Tuesday, October 07, 2003

Privilege or Smokescreen?

I had a detailed post on this Mark Kleiman analysis of Bush Administration delay tactics in the Traitorgate investigation. Fortunately for lovers of brevity, the post lost when my computer froze, and it's too late in the evening for me to recreate it.

In short, I had two questions about the position taken by the White House in the article Mark cites:

1. How does the White House claim executive privilege with respect to documents pertaining to leaks if the putative executive, Bush, knew nothing about the leaks and still claims ignorance of the leakers' identities?
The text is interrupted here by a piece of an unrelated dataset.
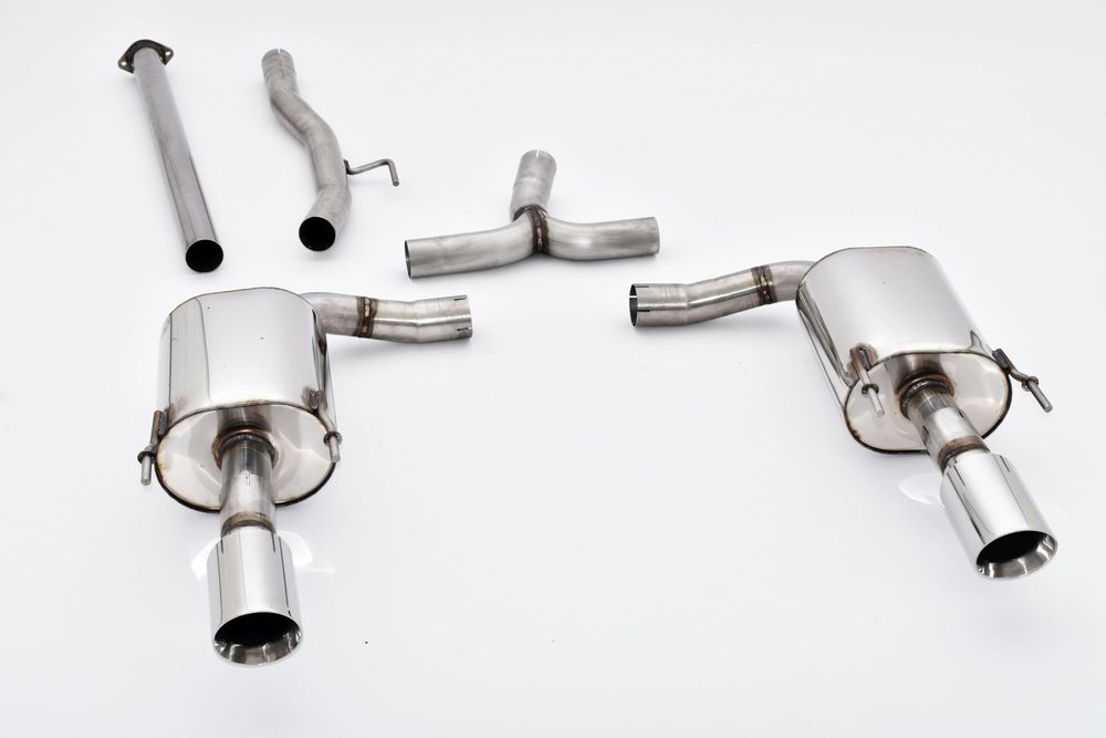 Diese Duplex Sportauspuffanlage von Friedrich Motorsport ersetzt den originalen Vor- und Endschalldämpfer.

Executive privilege applies to communications between the executive and his or her advisers, not leaks from presidential advisers, no matter how senior, to third parties. (Not to mention the fact that if Bush truly wants the "criminals" (his word) caught, he could simply waive any claimed executive privilege in the interests of justice.)

2. According to this report, a White House counsel cannot invoke the attorney-client privilege "to withhold information relating to a federal criminal offense." Doesn't that mean Gonzales and his staff can be forced to testify about any information in documents withheld which identify the leakers, since those identities are neither a matter of executive privilege (as stated above) nor of national security?

Those seem like good questions, although I could just be loopy from the lack of sleep.